Машинально оглядываясь по сторонам, генерал увидел Шарля Лебо, спокойно выходившего из кустарника.

Охотник казался озабоченным, он шел медленно и опустив голову; по временам он останавливался, близко наклонялся к земле и несколько минут оставался в таком положении, несколько раз он возвращался по своим следам, потом -- да извинит нас читатель за сравнение -- как хорошо дрессированная собака старался чутьем найти следы дичи.

-- Я думал, что г-н Лебо еще спит, он, вероятно, не рано вернулся с обхода?

-- Очень поздно.

-- И теперь уже встал?

-- Да, уже давно; наш Сурикэ чуток, как мышь, он спит одним глазом...

-- А! -- сказал генерал, внимание которого было обращено в другую сторону.

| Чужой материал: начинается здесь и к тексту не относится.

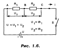“А”: Светить, он конечно, не светит! А вот относительно того, что он не греет, согласиться с тобой никак нельзя! А ну давай-ка этот рисуночек, то есть я хотел сказать — эту принципиальную электрическую схему нарисуем отдельно (рис. 1.5)
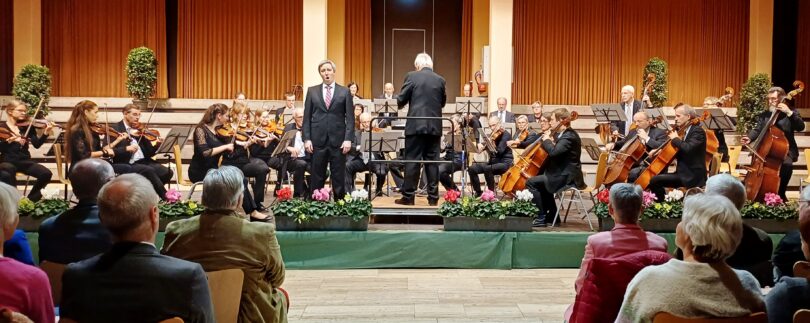Bericht und Fotos: Christiane Giesen – Das Musikkollegium Traunstein unter der Leitung von Augustin Spiel, hier mit dem lyrischen Bariton, Benjamin Sattlecker in der voll besetzten Aula der Berufsschule.
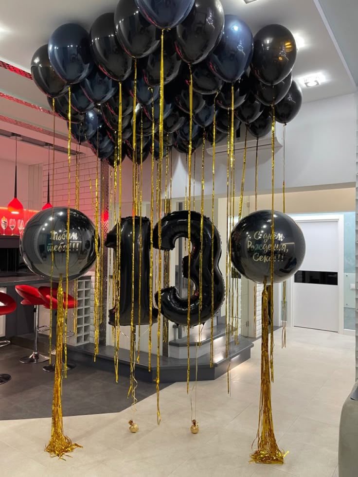 Helium Balloons Two Number Set Black '13', Personalised Clear with Black Latex, Customize Sticker, Latex Ceiling Black and Navy Blue with Gold Tassels - Customizable Decor
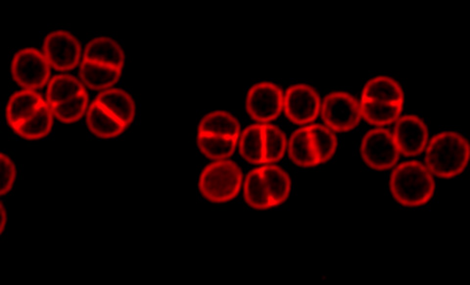 We have also uncovered new, surprising, levels of regulation during cell cycle progression. The best example links a cytoplasmic protein involved in chromosome segregation, FtsK, and a protein anchored at the outer layer of the cell (the cell wall), required for splitting of the division septum, Sle1. We found that FtsK regulates the levels of Sle1 so that the cell can delay septum splitting while chromosome segregation is taking place, or when DNA damage occurs. Tight regulation of the timing of septum splitting during the cell cycle is essential to avoid exposure of an immature cell surface, which would be easily recognized by the infected host, leading to clearance of the bacterial cells by the innate immune system.
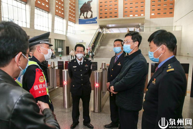 泉州动车站人员流动性大,防控任务十分艰巨。康涛实地查看了疫情检测防控、春运旅客转运、站前交通秩序等情况,详细了解如有疑似感染者从接收、检查、运送、分诊、救治的整个工作流程,共同分析研判了意外情况的应急处置方法。他表示,要加大对重点部位、重点场所的监管和卫生消杀处置力度,在重要出入口把严把实进出人员的体温检测关,增加检测人员和检测仪器,对体温异常人员要严格按照规范处置。对交通场站设施等密闭交通工具,都要采取通风、消毒,进一步加强源头防控。
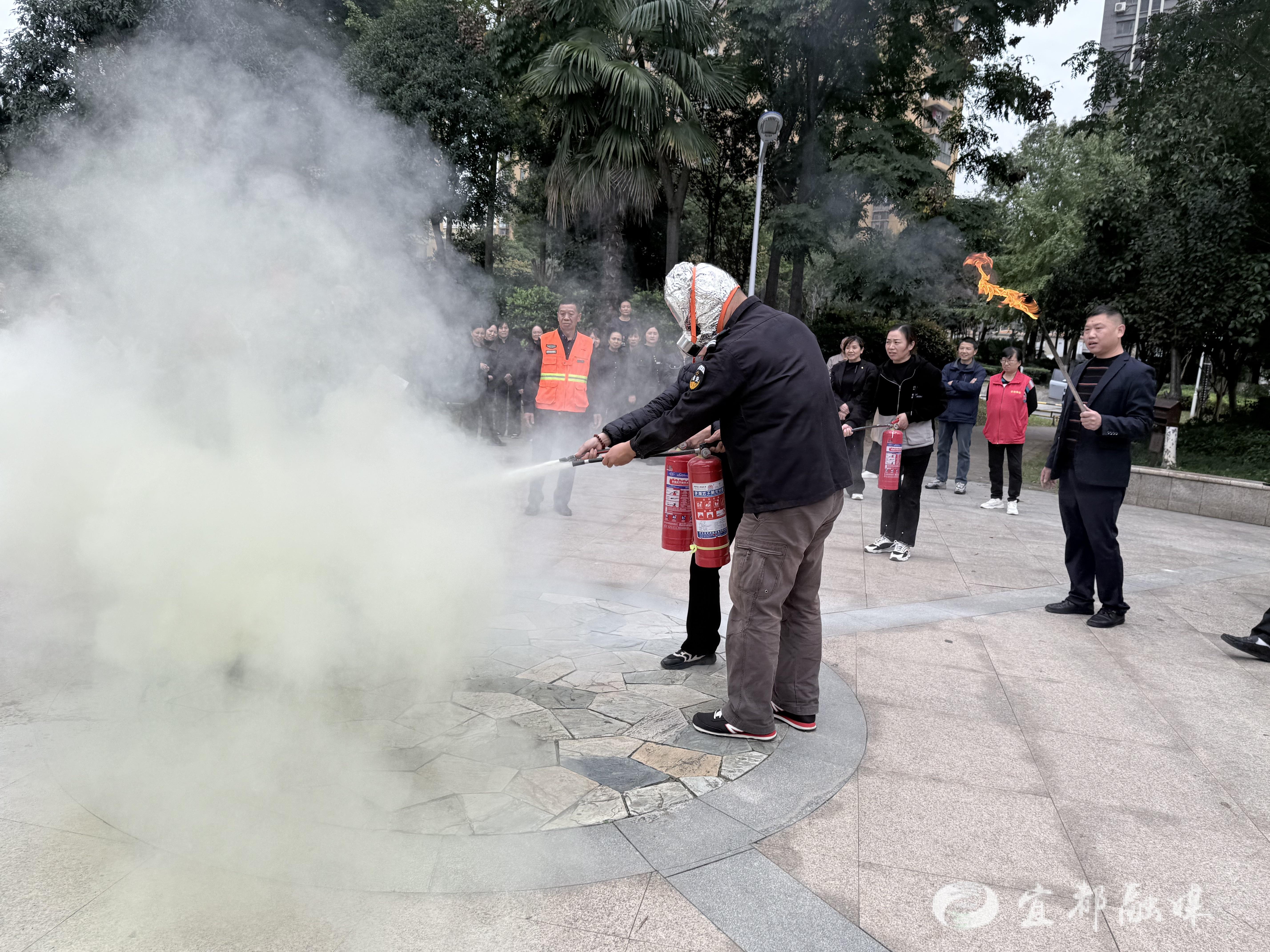 宜都融媒讯(通讯员 肖懿娜 黄梦梦 何伟)11月12日,陆城清江社区联合合田物业在雅斯国际广场小区开展消防演练活动,70余名居民、物业工作人员参与其中,沉浸式学习消防安全知识与实操技能。
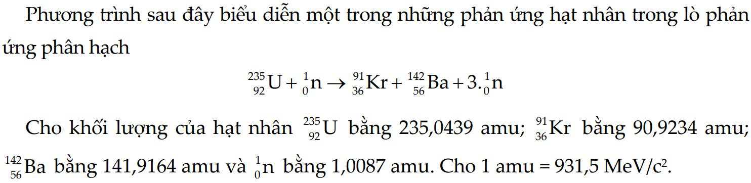 kèm theo giải phóng 3 hạt neutron mới. Cho biết khối lượng nguyên tử của
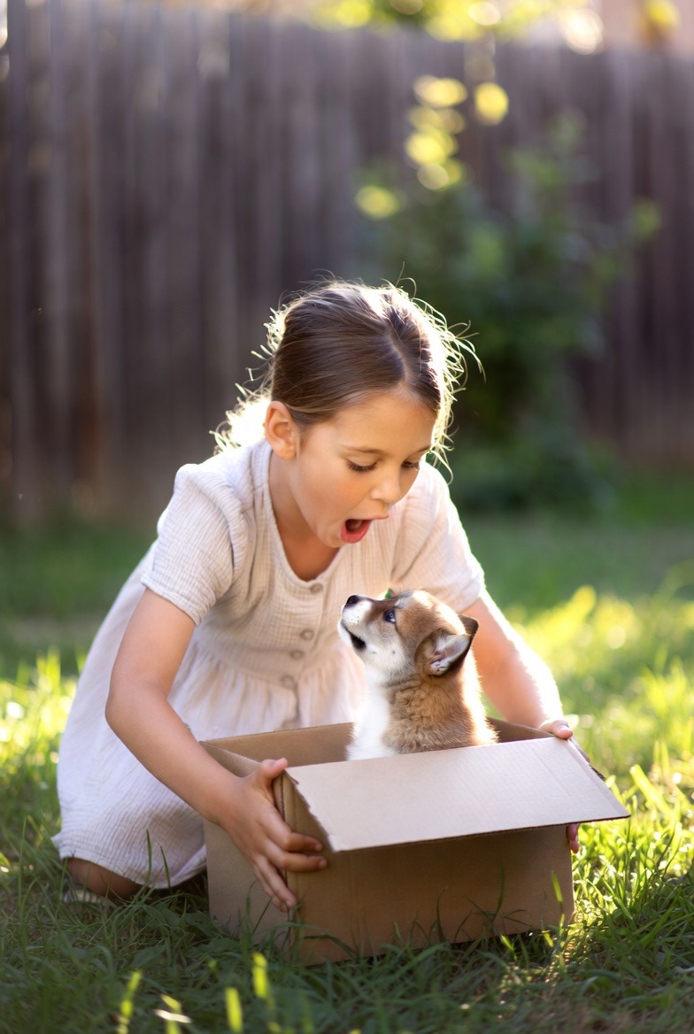 The girl gasped, her hands flying to her mouth in disbelief before she gently reached forward. The puppy leaned into her touch immediately, as if it already knew it had found its person.
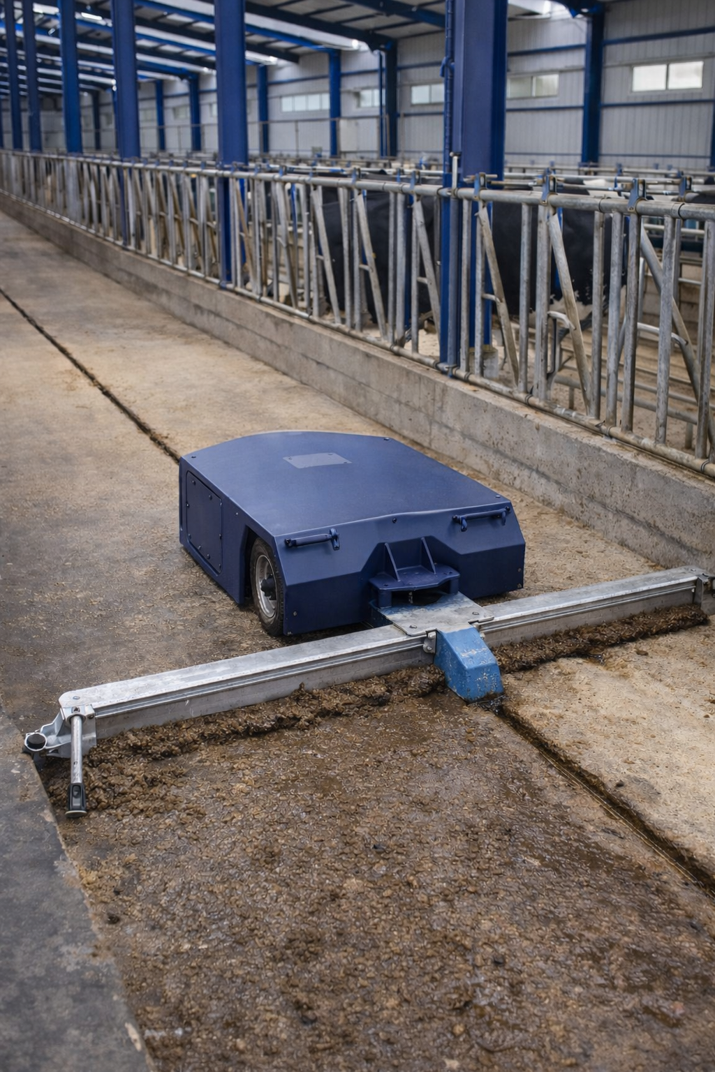 Ahır içerisinde herhangi bir ray veya kılavuz tele ihtiyaç duymadan, lazer tarayıcılar ve sensörler yardımıyla rotasını belirler.
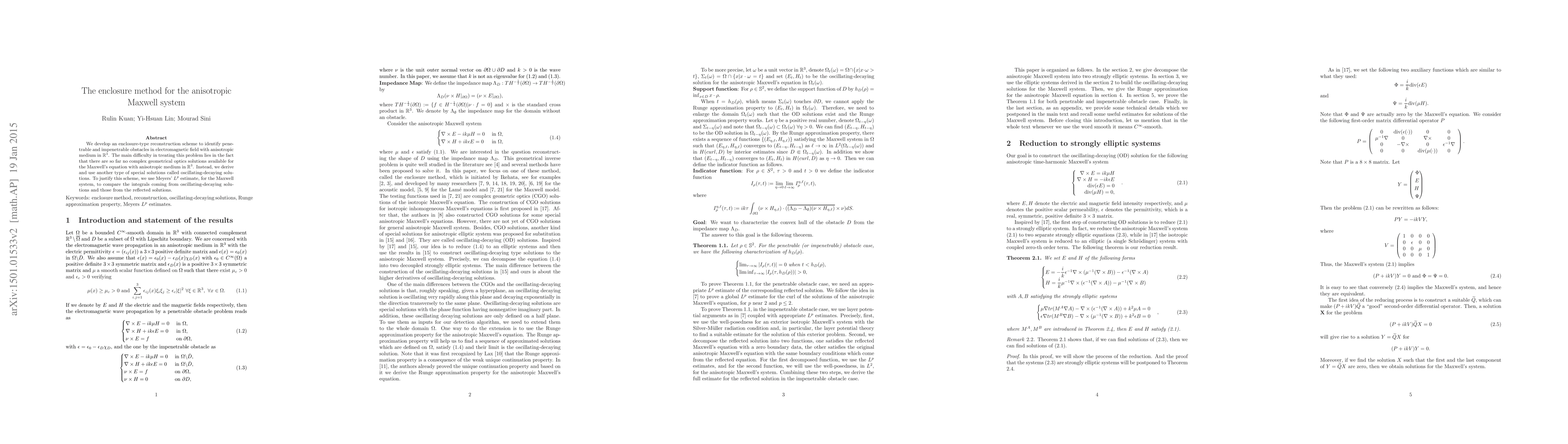This paper proposes an enclosure reconstruction scheme to identify obstacles in anisotropic electromagnetic fields using oscillating-decaying solutions due to the absence of complex geometrical optics solutions. The method's validity is justified using Meyers' L^p estimates for the Maxwell system.
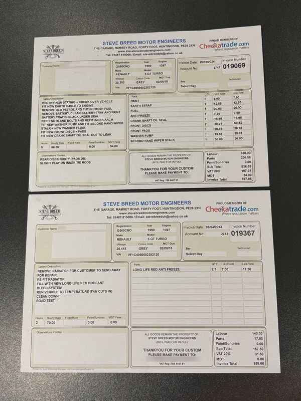 In 2015 the offside front wheel bearing was replaced, and a major service inc brake fluid change was carried out by Smiths Renault of Peterborough @ 24,598 miles
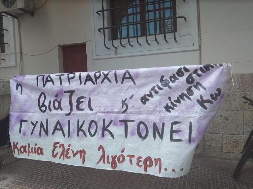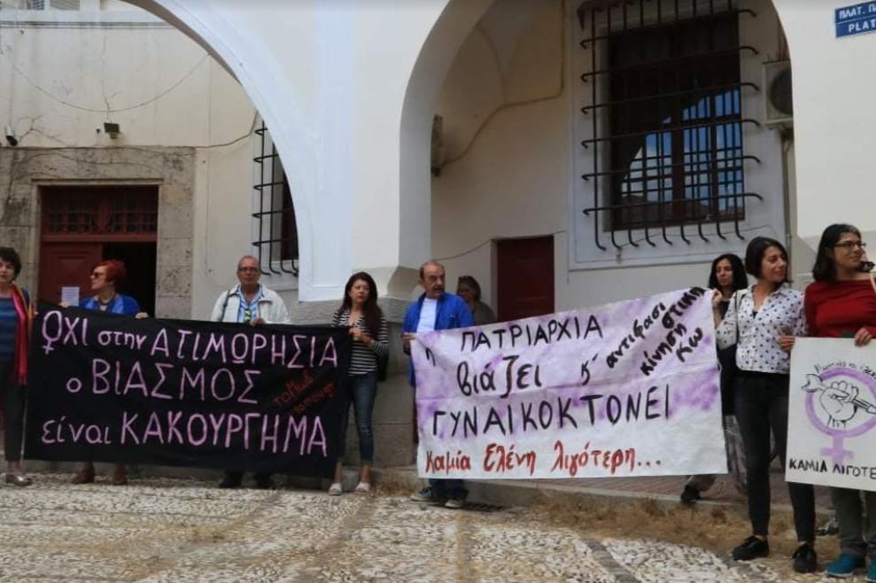 Έξω από το δικαστήριο βρέθηκαν για να διαμαρτυρηθούν μέλη του Πανελλαδικού Σωματείου Γυναικείων Δικαιωμάτων «Το Μωβ», που έφτασαν το Σαββατοκύριακο από την Αθήνα καθώς και μέλη της αντιφασιστικής κίνησης Κω.
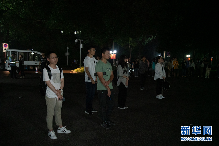 夜幕中不断有师生前来献花 新华网耿骏宇摄
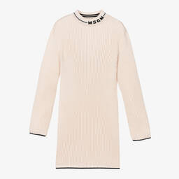 Fuchsia pink ribbed dress for teen girls by Italian designer MSGM. Made in a super soft viscose-blend knit, it has a turtle-style neckline with a jacquard MSGM logo and ivory trims. Warm, comfortable and easy to wear, it simply pulls on over the head.
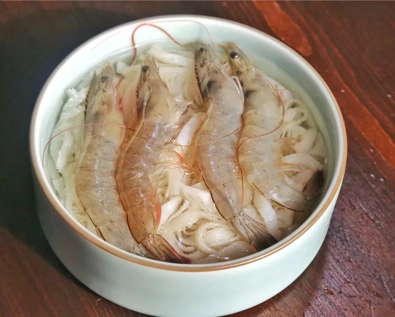 四只基圍蝦鋪在滿滿的牛百葉上,蝦都是當(dāng)天現(xiàn)買鮮活的,底下一層牛百葉鋪的也非常厚實(shí)~
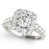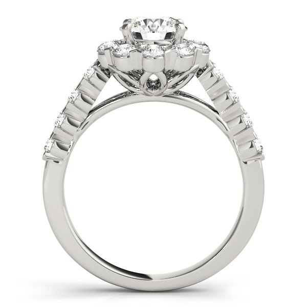 14k White Gold Engagement Ring with 1 – 1.PT Round & 18 – .065PT Round Stones, equal to 2 1/6 carats total weight. This ring has an optional matching Wedding Band. Can be customized to fit any stone and in any material. Please contact Ronelli Corp for custom orders and modification information, as pricing may vary.
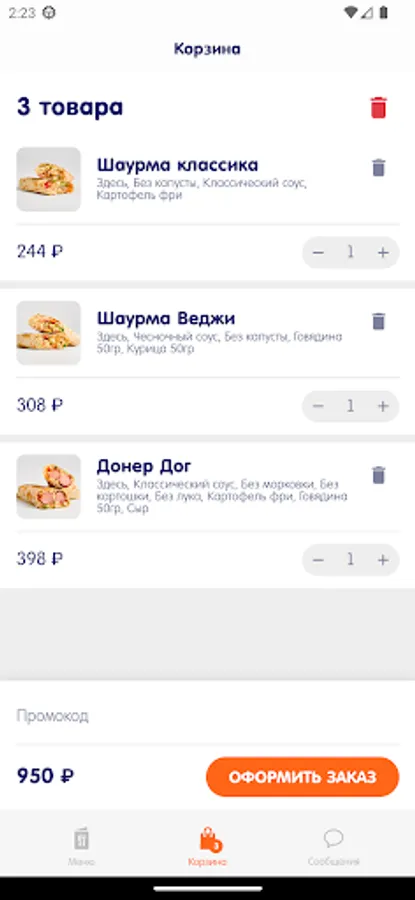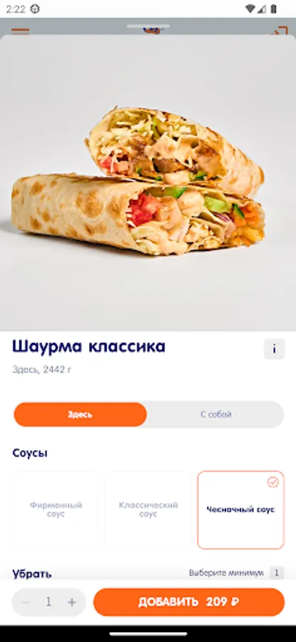 Shawarma for 99 rubles for the first order through the application!
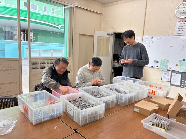 よろしくお願いします。第二けやきでは、普段、金属部品の作業、梱包や草むしり、ポスティング、けん玉活動やイベント参加など幅広い活動をしています。
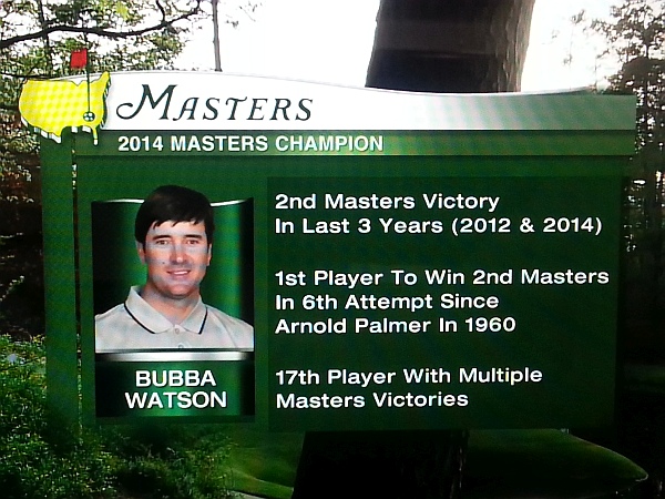 Watson ends a streak of four consecutive come-from-behind wins at the Masters. Last year, Adam Scott notched the fourth consecutive come-from-behind win at the Masters (Phil Mickelson/2010, Charl Schwartzel/2011 and Bubba Watson/2012). The last time there was four consecutive back-to-back come-from-behind wins at the Masters were by Ben Crenshaw/1984, Bernhard Langer/1985, Jack Nicklaus/1986 and Larry Mize/1987.
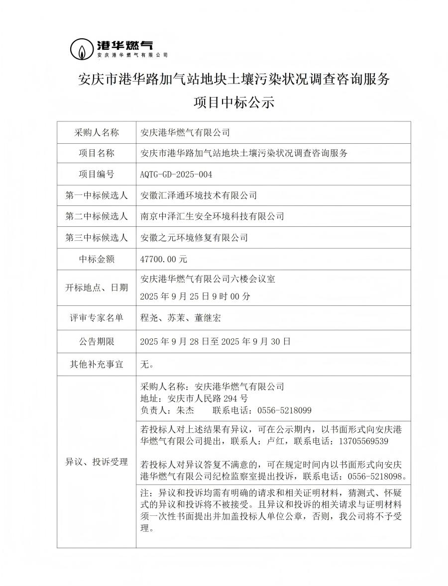 安慶市港華路加氣站地塊土壤污染狀況調(diào)查咨詢服務(wù)項目中標(biāo)公示

-- Когда надо делать дело, у него никому нет спуску...

Способ выражения сержанта часто смешил Монкальма, но на этот раз главнокомандующий даже не улыбнулся.

-- Ну, что нового, друг Шарль? -- спросил генерал, когда охотник подошел ближе.

-- Новостей довольно; имею честь кланяться, -- отвечал Шарль Лебо. -- Как вы спали?

-- Отлично, благодарю вас, -- сказал генерал, протягивая охотнику руку, которую тот пожал. -- Вы кажетесь озабоченным; что случилось сегодня утром?

-- Случилось не утром, а ночью; признаюсь вам, я окончательно сбит с толку, я открыл следы, для меня совершенно непонятные.

-- Как это? Объясните ваши опасения; может быть, нам удастся добраться до истины.

-- Сомневаюсь, генерал.

-- Все равно расскажите все по порядку.

-- Во-первых, меня чуть было не убили...

-- Как это чуть было не убили?

-- Да, чуть было не застрелил француз, переодетый ирокезом.

-- Это важно.

Охотник со всеми подробностями рассказал о своей встрече с Курбюиссоном.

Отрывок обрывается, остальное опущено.